Fuel-Rich Ammonia Catalytic Combustion on Gadolinium-Doped Ceria (GDC) Supported Copper Oxide Catalyst

Abstract

Ammonia combustion faces challenges such as high ignition temperature, low flame speed, and potential NO_x emissions. Catalytic combustion offers an alternative solution to burn ammonia with high efficiency while minimizing NO_x formation. This study aims to develop a fuel-rich, catalytically stabilized ammonia combustion and study the reactivity and NO_x formation of a novel gadolinium-doped ceria (GDC) supported CuO catalyst (CuO/GDC). The CuO/GDC catalyst was synthesized using the wet impregnation method and characterized using physisorption, X-ray diffraction (XRD), scanning electron microscopy-energy dispersive X-ray spectroscopy (SEM-EDX), and Transmission Electron Microscopy (TEM). Its performance was tested in a fixed-bed reactor and compared to CuO/γ-Al₂O₃, with an equivalence ratio (ER) of 1.5 and temperatures ranging from 100°C to 800°C. The reaction mechanism of ammonia combustion over CuO/GDC was investigated with X-ray photoelectron spectroscopy (XPS) analysis and microkinetic modeling integrated with Density Functional Theory calculations.
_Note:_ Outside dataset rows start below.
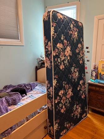 Very clean twin mattress. We bought a bed that was in someone’s guest room, probably never slept on. No smoking or pets there. We have cats. My kid preferred their mattress, so passing this one...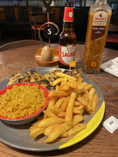 Read moreVisited with my family as a treat for the kids during exam time. Tried Denton as the Ashton branch was closed for refurbishment when we tried to go during half-term. We were positioned at Table 13. There is a row of spotlights above, 2 of which shine directly down & are very bright. Because it was so bright, this area of the restaurant looked a bit tatty & not as inviting as the other side of the restaurant which seemed to look cosier. Ordered through the app & it was 30 minutes between finalising the order to the food arriving which seemed excessive compared to other Nandos we've visited. What ruined the whole visit was the fact we were sat next to a family with a young child who was watching cartoons/films on a mobile phone at FULL VOLUME presumably so he could hear it over the Nandos music playing in the restaurant. It was. It was like he had a TV on the table. I mentioned it to a staff member who in turn relayed it to the manager. Nothing could be done so I suppose it was just our misfortune to be sat next to one of those families who go out for family meals, but all sit using mobile devices & don't actually interact with one another. On the plus side, parking is plentiful, staff were polite & courteous & the food was good,...
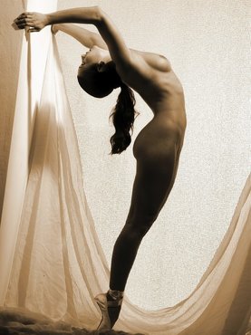 Прежде чем выйти на сцену, светловолосая краля с отличной внешностью закрылась в студии и сняла со своего тела все кроме балеток. Сексуальная балерина принимает разные позы не прикрывая интимные места и таким образом не только разминается перед выступление, но и показывая свою растяжку и красоту голеньких прелестей.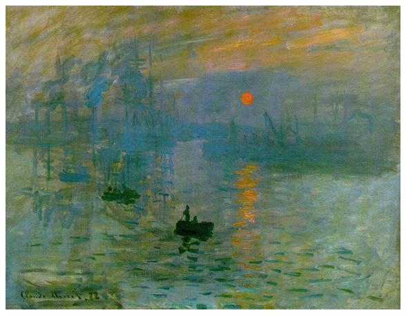 In "Impressione, sole nascente", una delle opere più significative di Monet, le immagini sono decomposte in una molteplicità di tratti di colore, stesi a rapide pennellate; le figure sono prive di contorni e di rifiniture. Sembra un abbozzo sommario e approssimativo ma provando ad allontanarsi dall'immagine, le macchie prendono forma, si riconoscono mentre l'insieme dell'immagine provoca impressioni profonde. Si percepiscono, come cose vive, animate e pulsanti, l'atmosfera e la luce nell'aria e nell'acqua. Gli impressionisti hanno capito che all'occhio umano basta dare i suggerimenti giusti perche egli ricostruisca, sulla base della propria conoscenza della realtà, le forme.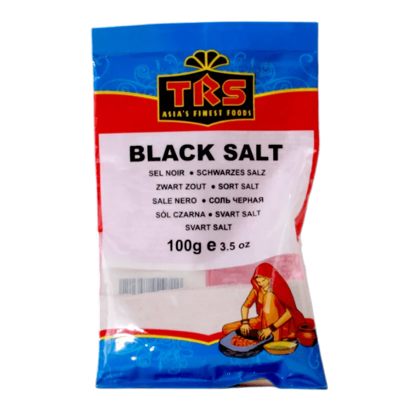 TRS Black Salt Powder, also known as Kala Namak, is a raw black salt with a unique sulfuric taste.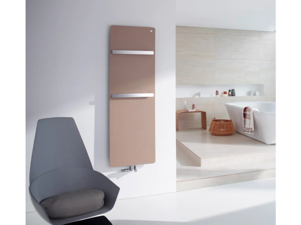 Designový radiátor Zehnder Vitalo Bar s přední a zadní deskou vyrobenou z aluminia a vnitřním měděným registrem v hliníkovo/grafitové konstrukci.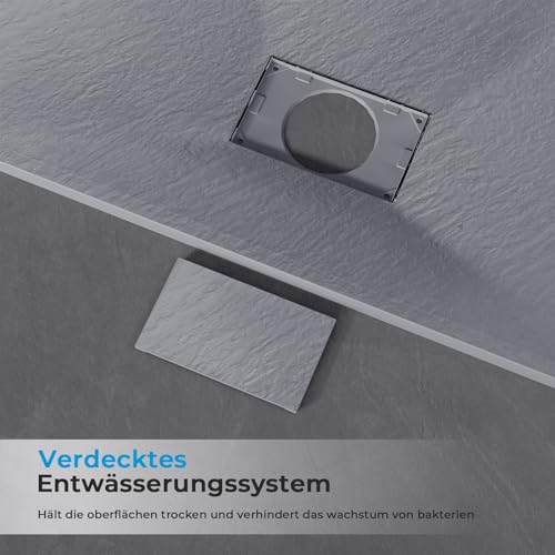 🛁Sicherheit und Komfort: Unsere Duschwanne verfügt über eine rutschfeste, strukturierte, schieferähnliche Oberfläche. Erleben Sie eine Dusche, die nicht jedoch hart im Nehmen, sondern alias komfortabel ist – keine eisigen Füße mehr bei winterlichen Regenschauern. Besonders Familien mit Kindern und ältere Menschen werden die erhöhte Sicherheit zu prognostizieren wissen.

The CuO/GDC catalyst demonstrated a high NH₃ conversion of 100% with a great N₂ selectivity of over 99% at 800°C and minimal NO_x formation, which was attributed to the strong adsorption of N and O species on its surface and mitigation of nitrogen oxide formation. Apart from altering the overall adsorptive properties of the catalyst, the mixed ionic-electronic conductivity of GDC also facilitates oxygen ion transport on the catalyst surface, promoting redox-driven catalytic activity. These findings highlight the potential of the use of mixed conductor as an effective catalyst support for fuel-rich ammonia catalytic combustion.